You know spatial audio is having quite a moment when wireless carriers decide to create their own implementations of it. Verizon has announced a new sound feature it’s calling “Verizon Adaptive Sound,” and the company claims it “produces a brilliant spatial surround experience regardless of what headphone, soundbar, or earbud brand you use or what application you’re watching or listening to.”
The audio trick, which Verizon says has been in the works since 2019, is coming to Motorola phones first, including the new Motorola One 5G UW Ace that goes on sale July 8th. The Motorola Edge Plus also just received a firmware update that seems to add this feature, as noted by Droid Life.
Verizon Adaptive Sound is integrated right into the settings menu on Android devices in the sound section. From there, you can adjust sliders for treble, bass, voice enhancement, and spatial surround sound. For those who’d prefer to ignore VAS completely and hear everything as normal, it can toggled on or off in settings.
“While some technology solutions have attempted to provide premium sound experiences to some specific (usually expensive) devices and to a limited subset of content, most devices and content experiences have been relegated to a disjointed, sub-optimal, and lowest-common-denominator-like experience,” a Verizon spokesperson said by email, in an obvious reference to Apple, Sony, and Amazon. “We wanted to change that.” Some devices that offer 360-degree audio do indeed come at a premium.
Verizon Adaptive Sound is based around “an innovative software and cloud-based solution,” a spokesperson said.

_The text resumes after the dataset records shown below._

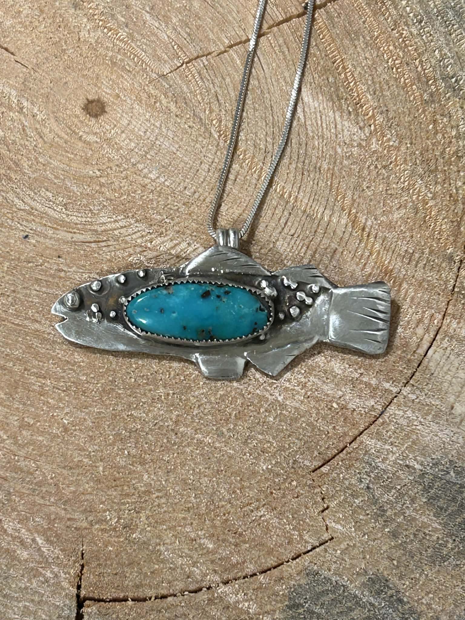 Hand-fabricated sterling silver fish with emerald valley turquoise. One of a kind!
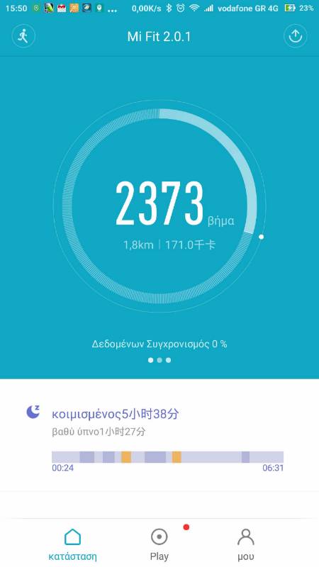 3. Πάμε αρχική σελίδα...χαμός όλα είναι στα κινέζικα! Τρέξτε το Mi Fit. Θα χρειαστεί να κάνετε εκ νέου log-in. Εάν δεν μπει με την πρώτη, επιμείνετε. Δοκιμάστε και με 4G, θα συνδεθεί τελικά. Μόλις συνδεθεί θα δείτε ότι θα κάνει αναβάθμιση το Mi Band σας και θα κατεβάσει νέο firmware. Μόλις τελειώσει μπορείτε να περιηγηθείτε λίγο μέσα στην εφαρμογή. Θα δείτε ότι είναι διαφορετική από αυτή που σας δίνω. Σας έχω μερικές φωτό παρακάτω.
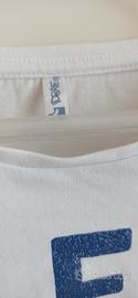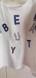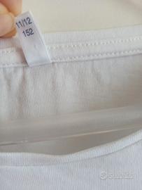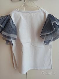 Maglietta ragazza, marca Idexe', taglia 11/12 anni, colore bianco, con scritta glitter e paillettes, maniche con tulle bianco e blu. In ottimo stato

That’s on the vague side, so I’ve asked the carrier for more specifics on exactly how it works and what it does. Is this just some kind of gimmicky, fake virtual surround effect? Or does it mix down Dolby Atmos channels (when available) to make the sound profile, similar to Apple’s spatial audio?
Apple spatial audio works with AirPods earbuds and the AirPods Max headphones to create immersive surround sound — with head tracking — when watching TV shows and movies in supported apps. The company has more recently added spatial audio to its Apple Music service, though the results are very inconsistent.
Verizon’s big talking point seems to be universal support across hardware and streaming services. But until we can give Verizon Adaptive Sound a try ourselves on one of these Moto devices, we can’t say how it compares to existing approaches.
The feature “will be made available on a broader portfolio of new devices in the future, as well as some existing devices via an over-the-air software update,” according to Verizon. My initial hunch was that we’ll mostly see this on entry-level and midrange 5G phones, but the carrier told me it won’t be specific to budget devices. Does that mean Verizon will force this into the sound settings of something like Samsung’s Galaxy S21? For now, Motorola is the only partner being named.